# Available Breeders in.....



## mitch2006 (Jan 15, 2011)

I'm starting a new thread that if your a breeder/or looking for a breeder to buy from in your area
you could post it here...
people are always trying to find a breeder in their area and this might help out.
to either ask if they could show them how to do things in person or buy/trade that new special friends.
thanks for your help helping these people out in their journey to finding you
thanks all


----------



## mitch2006 (Jan 15, 2011)

i live in Ottawa,Ontario
i currently own 8 cockatiels plus parents on eggs
two hand feed /hand tamed babies ...1 is ready to leave to forever homes 
one female cinnamon pearl is weaned and ready to go shes 3 months old
other will be another 2 months away before he can leave 
hes lutino 2 weeks old


----------



## MommaBird (May 19, 2011)

I am in Ephrata, PA, I have 6 Cockatiels, 1 pair on eggs, one pair I am about to attempt breeding. I also have budgies, 1 of which is on eggs also.


----------



## Cheryl (Dec 27, 2008)

I am in Central New York.. I may consider shipping for multiple purchases.
I plan to have some SLYC, emeralds, pastel faces, recessive silvers, and more common mutations (pearl, pied, white faces) later in the summer. Pairs have just been set up.
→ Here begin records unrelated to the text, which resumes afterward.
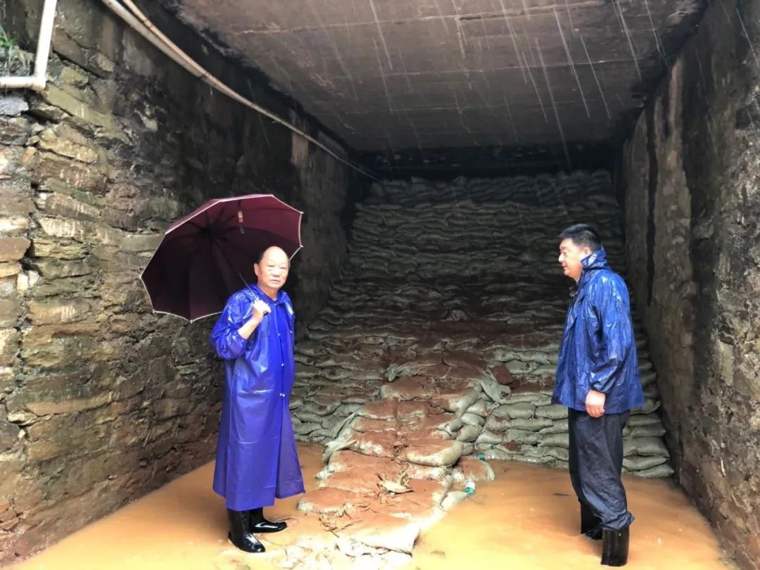 近日,武汉市普降暴雨,防汛排涝形势严峻,全市启动二级响应。7月7日,按黄陂区民生堤防汛指挥部要求,市生态环境局黄陂区分局工会负责人王戟(右一)参加值守,巡查府河民生堤,确保汛期安全。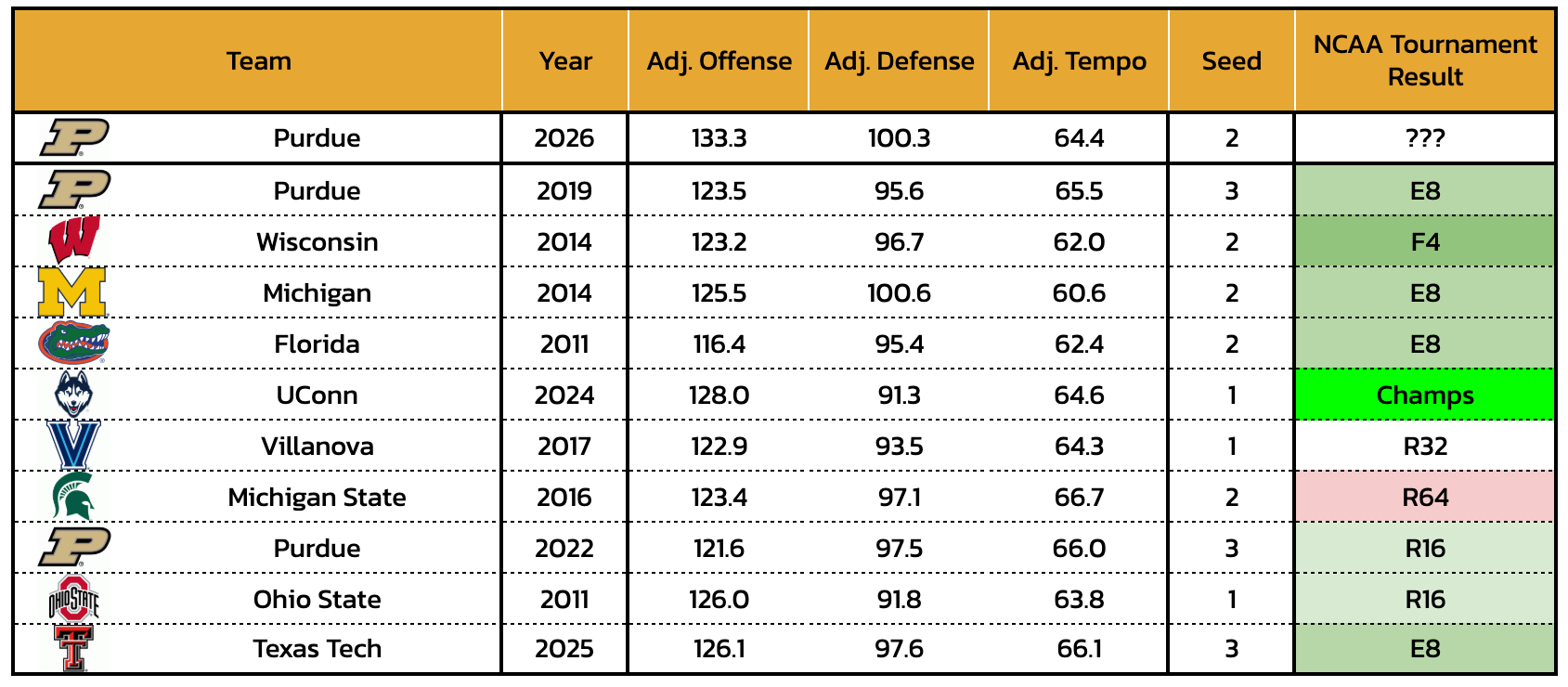 Similar NCAA Tournament efficiency profiles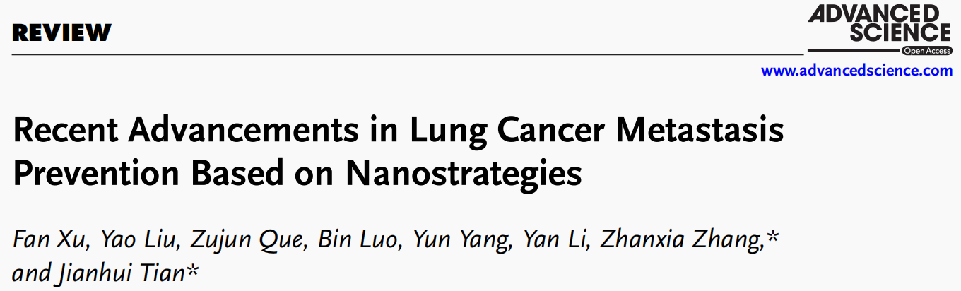 近日,伟德附属市中医医院田建辉教授团队在国际知名学术期刊Advanced Science上发表题为“Recent advancements in lung cancer metastasis prevention based on nanostrategies”的综述。该论文结合肺癌转移的防治现状及面临的挑战,全面总结近年来纳米技术在肺癌转移防治中的最新研究进展,并详细梳理纳米药物的临床转化前景,以期为肺癌转移的防治研究提供新的思路与方向。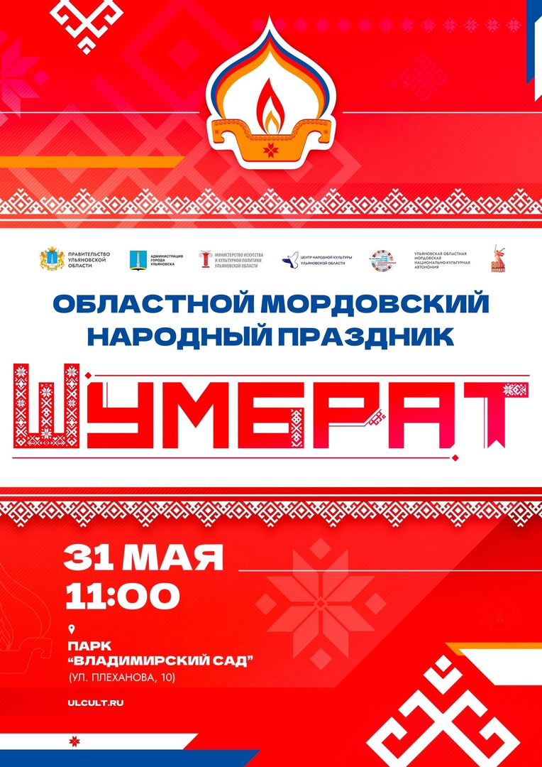31 мая в 11:00 в парке «Владимирский сад» начнется мордовский народный праздник Шумбрат. В программе: выступление артистов из Мордовии — Государственного ансамбля песни и танца «ВАРМА», этновыставки декоративно-прикладного творчества мордовского народа, выступление мордовских творческих коллективов из разных районов Ульяновской области, выставка национальных мордовских подворий, пленэр юных художников, соревнования по национальной борьбе «Тюште».
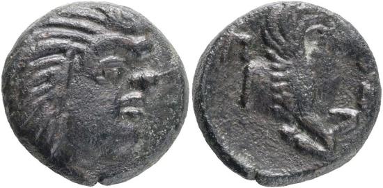 Ancient Greek coin from Pantikapaion, Cimmerian Bosporos - Satyr and Pegasus 310-304 BC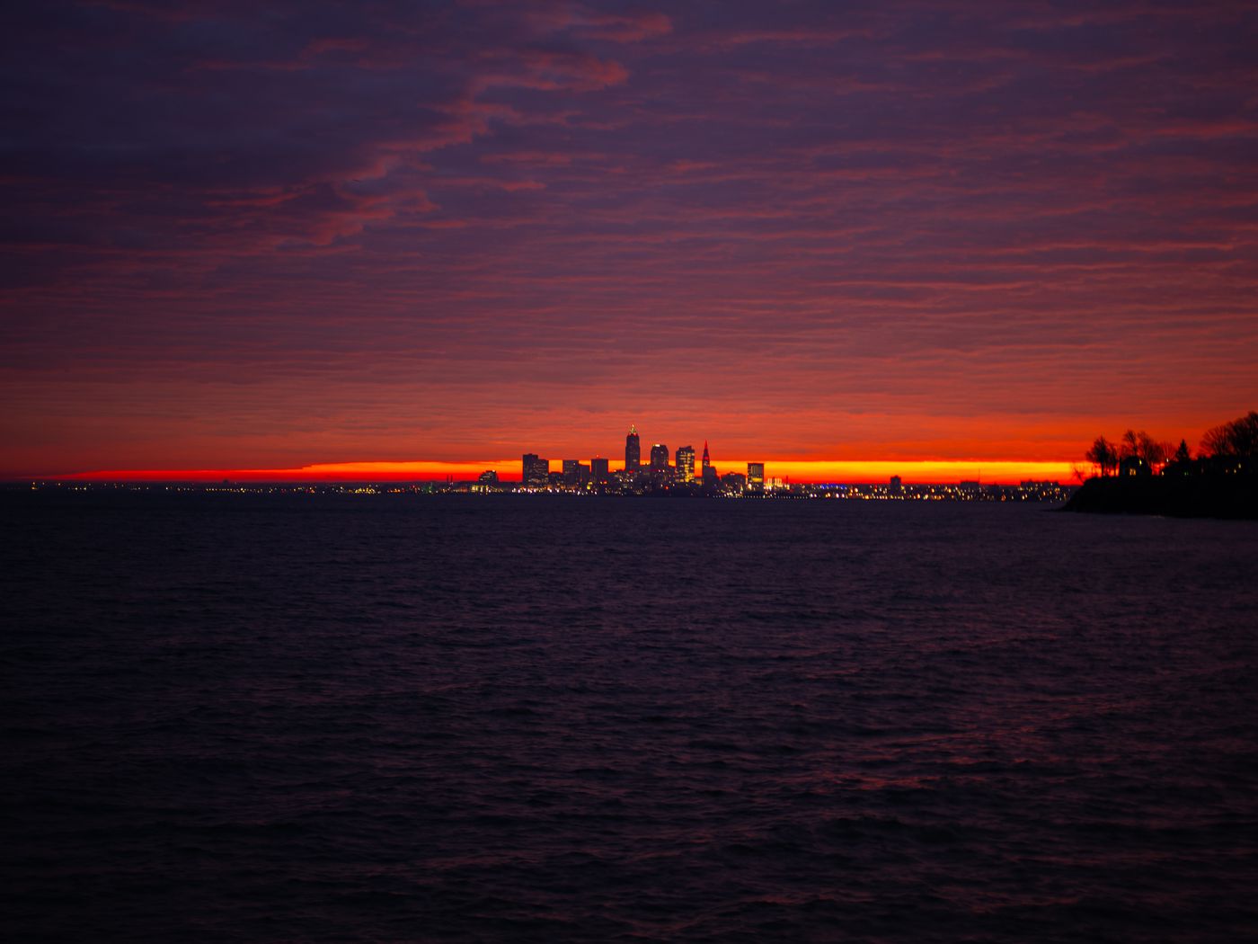 Download 1400x1050 sea, city, lights, buildings, dark wallpaper, background standard 4:3
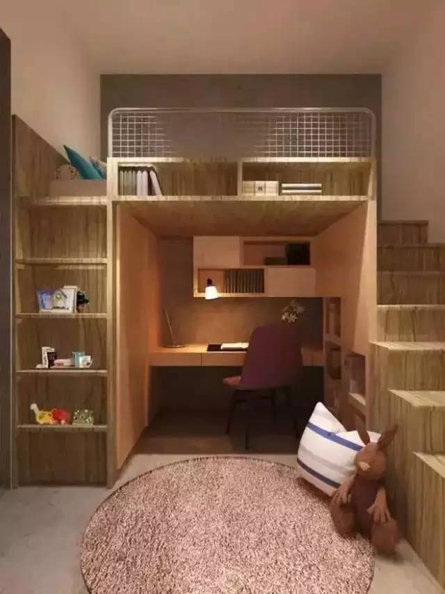 这样的收纳隐藏的够深啊,将整个床板掀起就是分成很多格的收纳空间,厚点的被子之类的东西就可以藏在这里。不仅增加了功能,同时还节省了空间。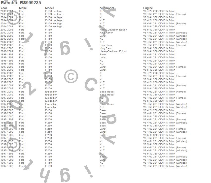 Below is an abbreviated list of applications for the Shock Absorber.EXPEDITION, F-150 HERITAGE PICKUP, F-150 PICKUP, F-250 PICKUP, FORD, 2004, 2003, 2002, 2001, 2000, 1999, 1998, 1997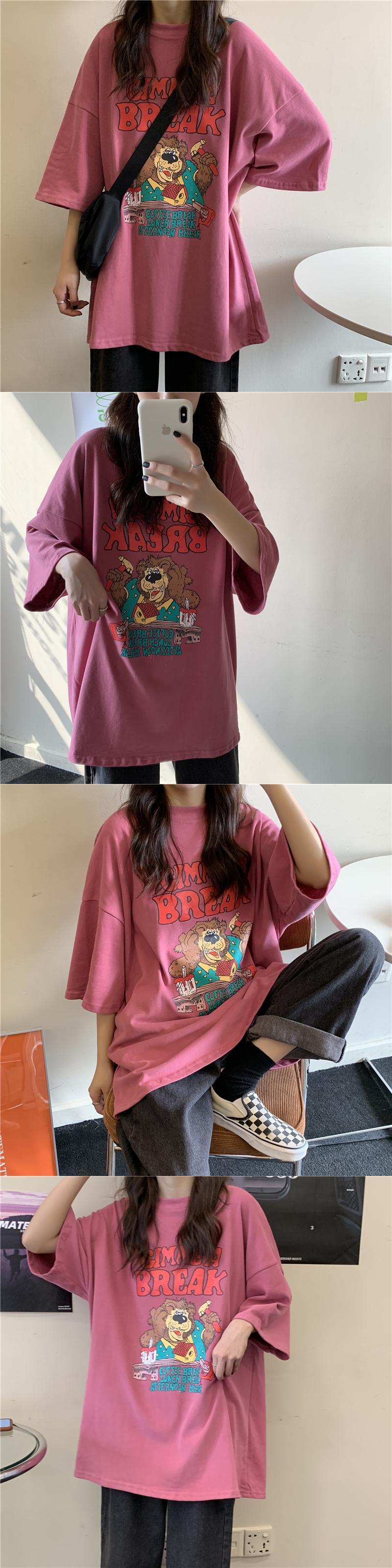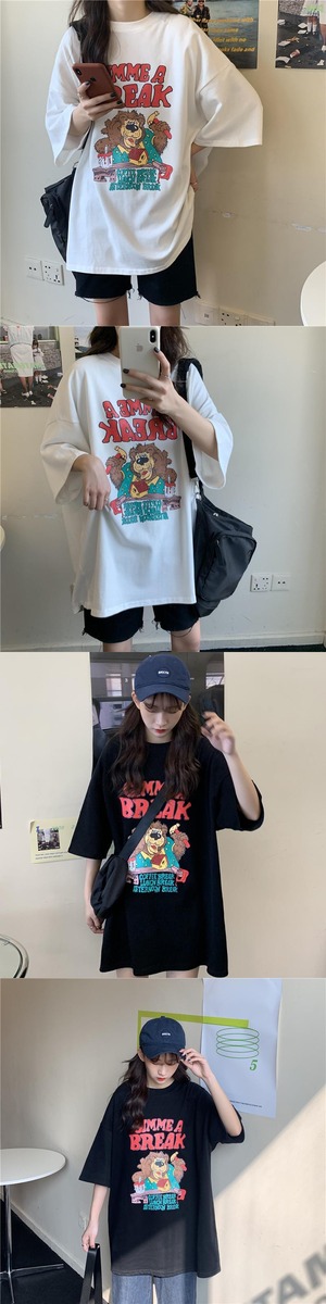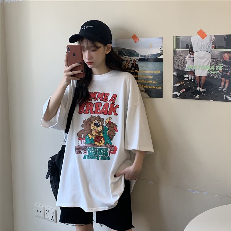 夏バージョン2020新しいins楽しい漫画の手紙ルーズミドルレングスネット赤白半袖Tシャツ女性 misskkl24403697810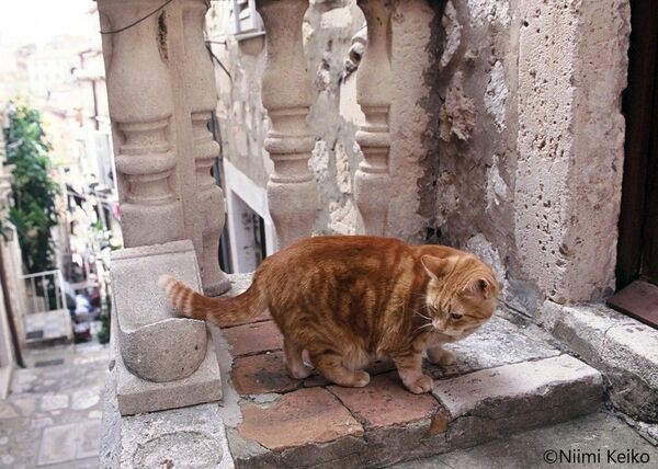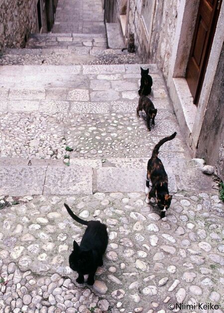 階段下を見ると、赤いクラシックタビーの後を追ってきたのか、シッポをふりながら楽しそうに猫たちが階段を駆け上ってきていました。民家が建ち並ぶ急な階段は、猫たちの遊び場所になっていました。
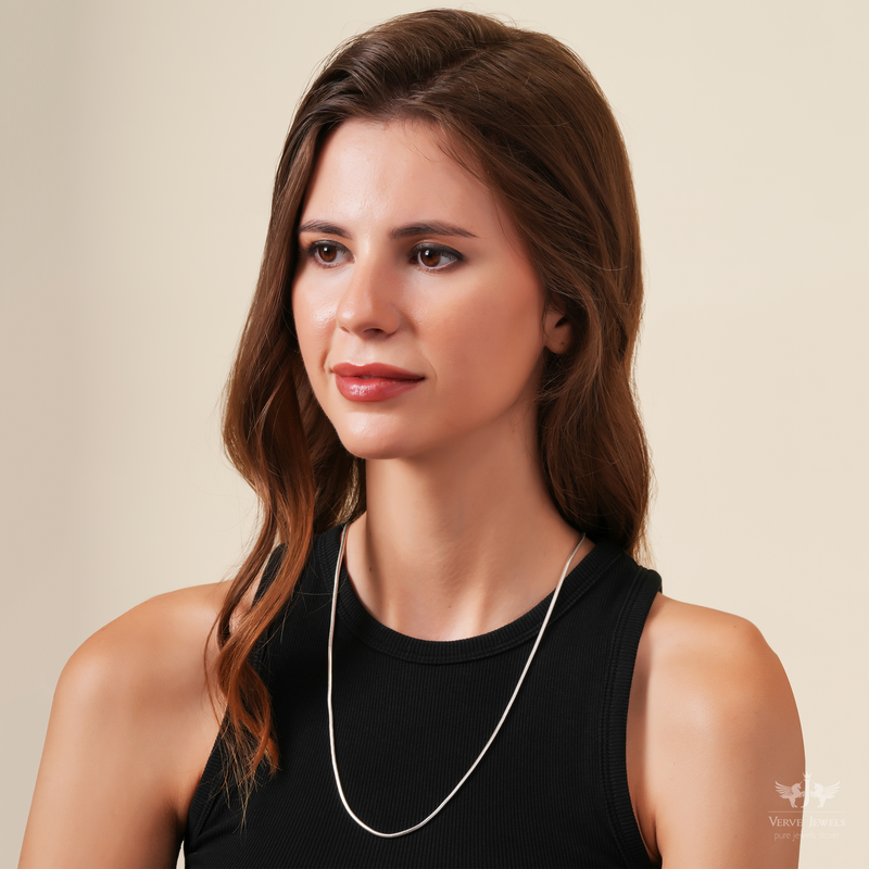 Styling Tips – Wear this silver snake chain for a clean and polished look or pair it with other chains to get that layered look. Pairs effortlessly with ethnic and western outfits.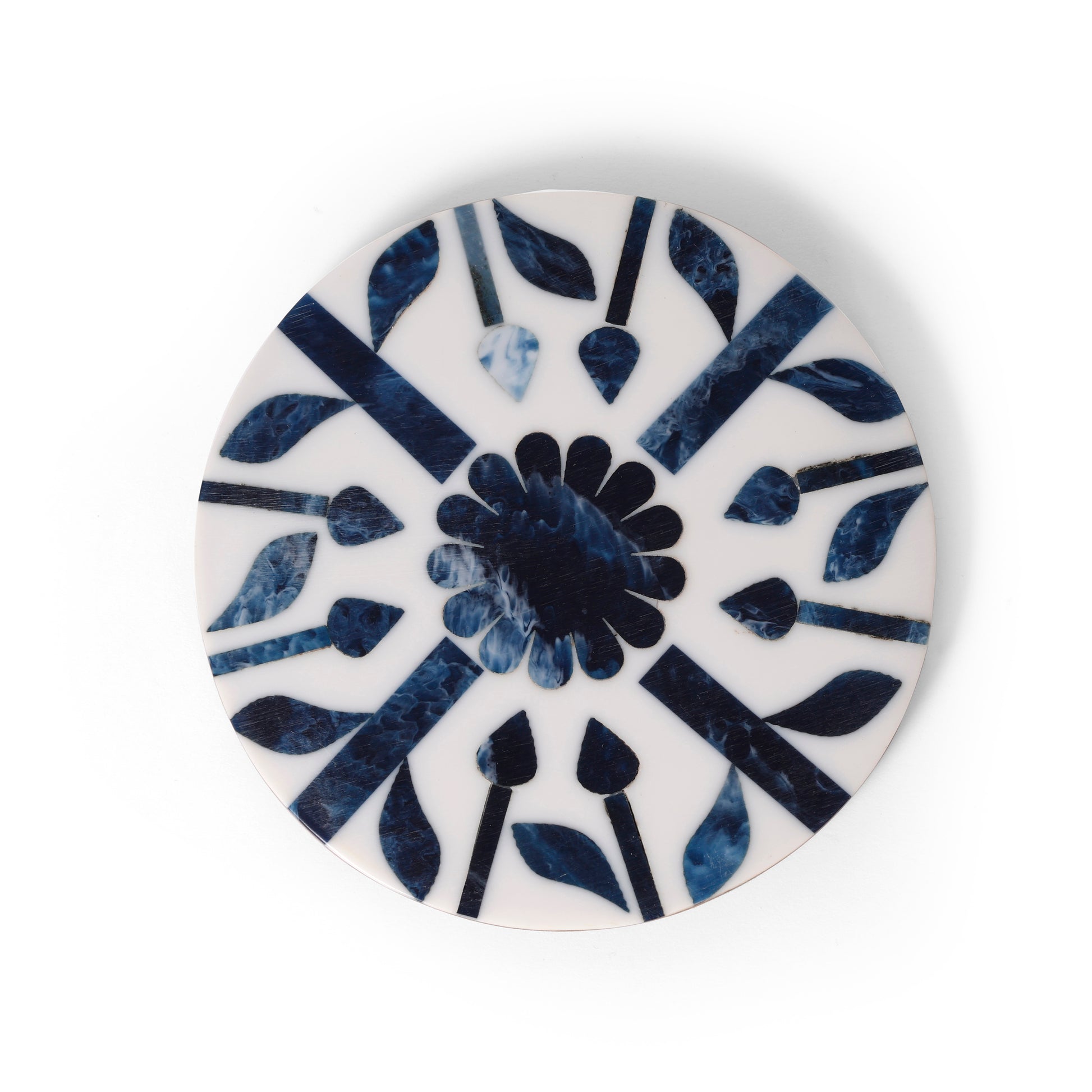 The symmetrical floral pattern, set against a clean white base with deep indigo accents, creates a striking visual contrast while maintaining refined balance. The resin surface provides added durability, making the coasters resistant to moisture and easy to clean, while protecting surfaces from drink marks and heat.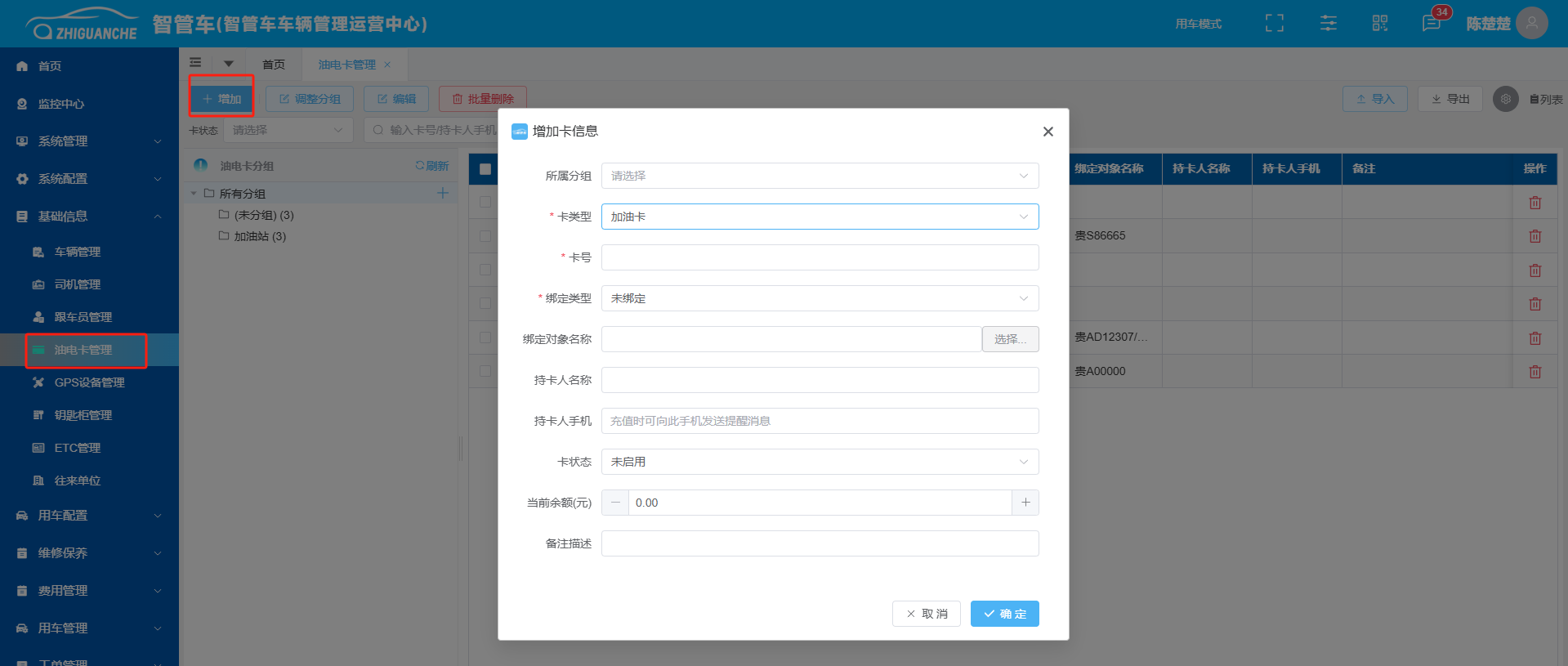 点击左侧菜单中的【油卡管理】菜单,点击按钮栏的增加按钮,在录入界面选择分组、油卡类型、卡号信息如油卡绑定了车辆、司机或部门,可以选择绑定类型,再选择下方的绑定对象进行绑定,输入持卡人手机号之后,充值油卡时会进行短信提醒(需充值短信服务),全部数据填写完绋后点击【确定】按钮保存。

Babies will be hand fed and banded. They come with a hatch certificate, care sheet, and a sample of Zupreem Natural pellets.


----------



## leeisme (Feb 4, 2011)

I'm in Scranton PA. Have four breeding pairs. 3 eggs, 7 being handfed and 3 "adopted" cinnamon juveniles which were handfed and soon to be ready to go in early July. All can be seen on website below. Thanks for the consideration.


----------



## 4birdsNC (Dec 4, 2010)

Im in Hendersonville Nc, thats the western section, I can easily get to Georgia, South Carolina and Tennesee in about an hour. I dont want to travel more than 2 hrs with birds in the car. I have 7 birds now, only 2 babies not spoken for, they wont be ready untill mid August... they are WF varients, (Mother WF Cinnamon Lutino pearl, Father WF split Cinnamon pearl). Willing to trade for a Pied male, perferably heavy pied.... My babies are hand fed. My other pair that is mated are Grey split to WF Cinnamon and Cinnamon Pearl, but they wont breed again untill october.


----------



## luffy3001 (Sep 1, 2010)

i live in longbeach california and if there is a breeder around there i would like to buy some cockatiels from u


----------



## roxy culver (May 27, 2010)

I'm in Oak Harbor, WA about 2hrs north of Seattle or 2hrs south of Vancouver, B.C. I currently have one baby at a week old, with 2 pairs on eggs and another pair just set up. Will update with color varieties once I know what I'm getting.


----------